Ранняя поэзия Пушкина, органически связанная с французским поэтическим стилем XVII века, оказалась чуждой творческому строю молодого Блока.
3. Но попутно поэт-пушкинист разбрасывает ряд ценных замечаний о звуковой и метрической стороне раннего пушкинского стиха. Так, он отмечает преобладание плавных согласных в стихотворении «Лиле»; однозвучное повторение «торжественных слов» в «Унынии»: «…медлительно… мой… миг… множит… тяжкое… тревожит…»; инструментовку над в начальных строках «К ней», дающую впечатление печальной торжественности:
В печальной праздности я лиру забывал;
Воображение в мечтах не разгоралось… —
или, наконец, многократное повторение плавного л в вариантах «Слова милой» («…считая десятой строкой заглавие, не менее творческое, чем сами стихи»).
Интересны более обширные экскурсы в область формального анализа. В стихотворении «Окно» Блок отмечает разрыв между строфами, немногочисленность эпитетов, их свойство «не обессиливать стих», характерные признаки сентиментальной манеры.
Отвечая Шевыреву, усомнившемуся в подлинности стихотворения «К Наташе», Блок отмечает, что «небрежность в рифмах скорее подчеркивает свежесть и легкость образов, так свойственную Пушкину, а простота и краткость выражений заставляют забывать чисто внешнее сходство с Дмитриевым или Мелецким».
Наконец, анализируя стихотворение «Осеннее утро», Блок дает обширный стилистический комментарий:
«Из исправлений видно, что Пушкин исключил неловкие выражения и шероховатости стиха. Заботясь об единстве картин, он заменил „волны охладелые“ – „нивами пожелтелыми“, но зато, в ущерб конкретности, написал „мертвый лист“ вместо „желтый лист“, по-видимому только для того, чтобы не повторялось слово „желтый“ в двух стихах, стоящих рядом. Отметим еще замену архаического родительного падежа… Во всяком случае, видно, что Пушкин не придавал большого значения „Осеннему утру“ и писал его без „холода вдохновения“. Только в отдельных стихах слышится стремительность и сжатость пушкинского стиха, и в одном из них – любимая поэтом и свойственная преимущественно лирике замена наречия прилагательным» и проч.

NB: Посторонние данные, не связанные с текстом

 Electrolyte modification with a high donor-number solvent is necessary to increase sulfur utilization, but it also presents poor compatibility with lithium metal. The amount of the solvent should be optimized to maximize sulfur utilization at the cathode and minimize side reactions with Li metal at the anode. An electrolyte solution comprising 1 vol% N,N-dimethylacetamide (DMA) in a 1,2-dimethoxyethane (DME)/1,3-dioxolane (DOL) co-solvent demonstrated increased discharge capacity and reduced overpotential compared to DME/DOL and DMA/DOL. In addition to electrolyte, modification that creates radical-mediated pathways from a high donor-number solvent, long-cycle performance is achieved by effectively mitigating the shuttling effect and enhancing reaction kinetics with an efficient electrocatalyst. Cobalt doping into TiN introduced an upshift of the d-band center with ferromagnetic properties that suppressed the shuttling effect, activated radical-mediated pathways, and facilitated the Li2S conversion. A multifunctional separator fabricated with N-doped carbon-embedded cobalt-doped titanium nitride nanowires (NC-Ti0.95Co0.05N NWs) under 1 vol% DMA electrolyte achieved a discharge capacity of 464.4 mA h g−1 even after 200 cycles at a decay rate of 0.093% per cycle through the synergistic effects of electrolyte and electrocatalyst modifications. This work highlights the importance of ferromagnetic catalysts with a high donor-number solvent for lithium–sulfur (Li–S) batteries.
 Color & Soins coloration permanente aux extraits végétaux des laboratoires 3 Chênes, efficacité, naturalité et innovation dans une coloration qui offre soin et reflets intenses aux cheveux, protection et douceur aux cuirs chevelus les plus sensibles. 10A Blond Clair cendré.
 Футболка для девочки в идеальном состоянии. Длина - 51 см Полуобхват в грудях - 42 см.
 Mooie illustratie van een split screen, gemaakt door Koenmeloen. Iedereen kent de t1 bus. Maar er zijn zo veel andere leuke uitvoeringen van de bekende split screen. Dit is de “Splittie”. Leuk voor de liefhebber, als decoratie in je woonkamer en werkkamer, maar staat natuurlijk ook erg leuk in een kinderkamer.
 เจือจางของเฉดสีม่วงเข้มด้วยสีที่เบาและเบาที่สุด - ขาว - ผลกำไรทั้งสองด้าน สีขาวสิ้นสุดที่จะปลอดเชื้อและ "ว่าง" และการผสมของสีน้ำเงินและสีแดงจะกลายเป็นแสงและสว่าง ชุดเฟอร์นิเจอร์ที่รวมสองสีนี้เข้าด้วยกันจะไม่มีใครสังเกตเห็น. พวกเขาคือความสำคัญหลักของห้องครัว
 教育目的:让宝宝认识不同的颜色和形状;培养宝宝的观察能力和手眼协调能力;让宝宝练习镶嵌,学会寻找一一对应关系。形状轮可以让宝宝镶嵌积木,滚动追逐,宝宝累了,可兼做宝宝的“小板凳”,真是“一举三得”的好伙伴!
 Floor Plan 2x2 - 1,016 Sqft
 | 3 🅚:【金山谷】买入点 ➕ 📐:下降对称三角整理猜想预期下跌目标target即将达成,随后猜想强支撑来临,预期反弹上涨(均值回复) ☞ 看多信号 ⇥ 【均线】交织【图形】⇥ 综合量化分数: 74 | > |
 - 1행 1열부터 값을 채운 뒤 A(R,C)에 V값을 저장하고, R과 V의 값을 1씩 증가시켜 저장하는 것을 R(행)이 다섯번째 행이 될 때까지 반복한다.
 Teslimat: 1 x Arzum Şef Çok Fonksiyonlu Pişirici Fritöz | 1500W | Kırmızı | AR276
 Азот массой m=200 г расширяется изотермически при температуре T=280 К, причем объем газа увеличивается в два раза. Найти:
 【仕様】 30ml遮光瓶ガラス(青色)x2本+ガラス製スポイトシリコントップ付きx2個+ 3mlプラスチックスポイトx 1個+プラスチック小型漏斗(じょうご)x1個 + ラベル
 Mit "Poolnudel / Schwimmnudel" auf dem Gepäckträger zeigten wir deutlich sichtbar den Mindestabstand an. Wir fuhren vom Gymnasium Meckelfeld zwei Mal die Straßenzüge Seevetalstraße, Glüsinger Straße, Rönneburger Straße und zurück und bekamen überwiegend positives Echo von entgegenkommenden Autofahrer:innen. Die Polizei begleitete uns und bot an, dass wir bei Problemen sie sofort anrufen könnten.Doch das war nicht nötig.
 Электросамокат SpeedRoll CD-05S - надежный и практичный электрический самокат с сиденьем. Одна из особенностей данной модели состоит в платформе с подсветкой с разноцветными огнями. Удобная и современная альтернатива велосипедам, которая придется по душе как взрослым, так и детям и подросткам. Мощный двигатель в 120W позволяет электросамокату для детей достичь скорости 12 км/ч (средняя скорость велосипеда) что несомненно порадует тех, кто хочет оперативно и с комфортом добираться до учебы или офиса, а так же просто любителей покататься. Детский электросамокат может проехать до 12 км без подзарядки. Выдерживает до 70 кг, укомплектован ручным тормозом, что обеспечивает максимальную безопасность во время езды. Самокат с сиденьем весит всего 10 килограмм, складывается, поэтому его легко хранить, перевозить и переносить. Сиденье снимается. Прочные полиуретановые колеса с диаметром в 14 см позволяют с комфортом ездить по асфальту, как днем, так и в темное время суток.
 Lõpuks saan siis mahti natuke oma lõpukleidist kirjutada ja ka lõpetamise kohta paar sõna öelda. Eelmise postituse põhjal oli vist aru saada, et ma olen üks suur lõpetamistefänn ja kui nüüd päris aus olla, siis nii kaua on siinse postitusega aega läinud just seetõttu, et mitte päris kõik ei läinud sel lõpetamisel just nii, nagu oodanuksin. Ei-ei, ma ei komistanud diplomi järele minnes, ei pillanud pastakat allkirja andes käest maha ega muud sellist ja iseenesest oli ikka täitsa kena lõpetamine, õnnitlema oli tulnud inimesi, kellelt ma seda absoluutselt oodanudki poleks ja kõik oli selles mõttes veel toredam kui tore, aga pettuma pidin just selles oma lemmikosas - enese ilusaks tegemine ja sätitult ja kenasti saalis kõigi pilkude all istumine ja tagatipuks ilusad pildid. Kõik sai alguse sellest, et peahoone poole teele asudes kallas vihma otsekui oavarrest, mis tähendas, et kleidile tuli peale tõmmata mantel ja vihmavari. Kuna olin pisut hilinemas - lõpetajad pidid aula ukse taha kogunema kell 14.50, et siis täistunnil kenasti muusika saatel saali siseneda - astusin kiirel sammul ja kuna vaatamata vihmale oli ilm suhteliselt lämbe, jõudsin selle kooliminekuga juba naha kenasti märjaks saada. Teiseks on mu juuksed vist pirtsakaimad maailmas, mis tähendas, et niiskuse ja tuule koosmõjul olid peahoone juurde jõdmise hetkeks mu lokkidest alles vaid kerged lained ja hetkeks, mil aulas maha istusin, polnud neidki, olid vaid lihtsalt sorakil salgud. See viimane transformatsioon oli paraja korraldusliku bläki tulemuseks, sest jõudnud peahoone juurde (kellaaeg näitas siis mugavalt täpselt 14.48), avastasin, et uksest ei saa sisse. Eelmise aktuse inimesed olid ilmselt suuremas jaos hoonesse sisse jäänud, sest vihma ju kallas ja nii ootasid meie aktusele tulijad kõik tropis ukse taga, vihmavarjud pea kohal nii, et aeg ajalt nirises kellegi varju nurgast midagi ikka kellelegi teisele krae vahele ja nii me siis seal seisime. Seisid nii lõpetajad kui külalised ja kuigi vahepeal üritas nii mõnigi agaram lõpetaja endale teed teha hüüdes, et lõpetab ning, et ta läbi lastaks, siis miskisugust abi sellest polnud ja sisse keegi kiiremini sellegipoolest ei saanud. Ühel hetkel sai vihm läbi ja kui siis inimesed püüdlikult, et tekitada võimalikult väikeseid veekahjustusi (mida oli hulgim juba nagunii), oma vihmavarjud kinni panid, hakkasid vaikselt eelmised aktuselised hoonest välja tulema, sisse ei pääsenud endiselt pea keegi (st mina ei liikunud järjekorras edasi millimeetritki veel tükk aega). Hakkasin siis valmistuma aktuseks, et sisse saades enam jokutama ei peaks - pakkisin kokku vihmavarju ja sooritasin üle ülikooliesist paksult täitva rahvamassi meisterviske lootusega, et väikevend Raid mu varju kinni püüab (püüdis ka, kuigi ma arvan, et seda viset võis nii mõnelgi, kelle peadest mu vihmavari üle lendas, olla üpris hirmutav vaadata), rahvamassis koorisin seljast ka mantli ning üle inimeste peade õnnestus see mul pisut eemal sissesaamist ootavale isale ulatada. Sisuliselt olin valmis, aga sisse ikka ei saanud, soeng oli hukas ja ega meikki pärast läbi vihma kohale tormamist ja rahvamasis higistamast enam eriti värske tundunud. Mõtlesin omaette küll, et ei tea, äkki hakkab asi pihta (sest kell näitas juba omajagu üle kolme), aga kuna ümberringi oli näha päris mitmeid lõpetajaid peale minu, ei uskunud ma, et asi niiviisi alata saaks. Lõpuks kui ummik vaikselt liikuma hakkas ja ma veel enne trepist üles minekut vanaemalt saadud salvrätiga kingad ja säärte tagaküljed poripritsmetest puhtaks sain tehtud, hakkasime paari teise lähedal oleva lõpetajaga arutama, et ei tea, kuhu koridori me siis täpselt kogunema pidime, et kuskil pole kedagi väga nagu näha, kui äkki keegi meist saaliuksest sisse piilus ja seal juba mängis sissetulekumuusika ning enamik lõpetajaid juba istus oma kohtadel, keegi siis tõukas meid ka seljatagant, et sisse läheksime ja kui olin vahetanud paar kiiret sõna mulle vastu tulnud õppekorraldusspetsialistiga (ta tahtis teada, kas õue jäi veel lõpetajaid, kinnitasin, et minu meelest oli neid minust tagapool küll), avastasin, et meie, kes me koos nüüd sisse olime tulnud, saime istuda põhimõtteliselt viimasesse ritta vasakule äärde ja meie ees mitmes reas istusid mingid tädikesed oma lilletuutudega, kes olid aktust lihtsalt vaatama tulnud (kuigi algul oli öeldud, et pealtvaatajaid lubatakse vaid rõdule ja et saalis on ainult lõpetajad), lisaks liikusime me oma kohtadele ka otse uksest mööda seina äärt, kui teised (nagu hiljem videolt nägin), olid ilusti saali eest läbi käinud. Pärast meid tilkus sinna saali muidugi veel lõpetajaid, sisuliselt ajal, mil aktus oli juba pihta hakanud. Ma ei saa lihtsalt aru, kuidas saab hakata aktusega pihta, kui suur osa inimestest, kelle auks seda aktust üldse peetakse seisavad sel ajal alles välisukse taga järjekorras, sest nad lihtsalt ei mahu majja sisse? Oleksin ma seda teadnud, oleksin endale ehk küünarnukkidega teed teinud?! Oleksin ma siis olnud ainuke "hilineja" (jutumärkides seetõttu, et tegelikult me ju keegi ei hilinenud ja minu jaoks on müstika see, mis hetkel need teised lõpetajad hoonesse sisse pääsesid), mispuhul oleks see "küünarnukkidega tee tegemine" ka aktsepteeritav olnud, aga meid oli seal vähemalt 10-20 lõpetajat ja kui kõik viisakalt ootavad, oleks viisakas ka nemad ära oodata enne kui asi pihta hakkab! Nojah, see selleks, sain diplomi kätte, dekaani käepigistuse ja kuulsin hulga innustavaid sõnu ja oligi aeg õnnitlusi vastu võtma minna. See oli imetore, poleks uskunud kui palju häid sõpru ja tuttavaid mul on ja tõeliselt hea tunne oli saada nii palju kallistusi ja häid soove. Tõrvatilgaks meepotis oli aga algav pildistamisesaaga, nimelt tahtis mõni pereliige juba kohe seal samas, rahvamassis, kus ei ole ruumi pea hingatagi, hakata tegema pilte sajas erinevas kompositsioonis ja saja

По поводу стихотворения «Наслаждение» Блок приводит интересную параллель между Пушкиным и своим любимым поэтом Жуковским. Он отмечает, что слово «дружба», замененное впоследствии словом «любовь», говорит об amitié amoureuse, свойственной Жуковскому, но чуждой Пушкину: в любовных разочарованиях «поэт утешается только своим „скромным даром“, и счастием друзей» – традиционными утехами поэтов своего времени. Точно так же и в «Наслаждении» воспоминание о Бакуниной проходит лишь легкой тенью; Пушкин, неспособный к одной amitié amoureuse в духе Жуковского, задает только элегические вопросы и едва ли действительно надеется, что когда-нибудь его «мрачный путь озарится улыбкой спутницы…».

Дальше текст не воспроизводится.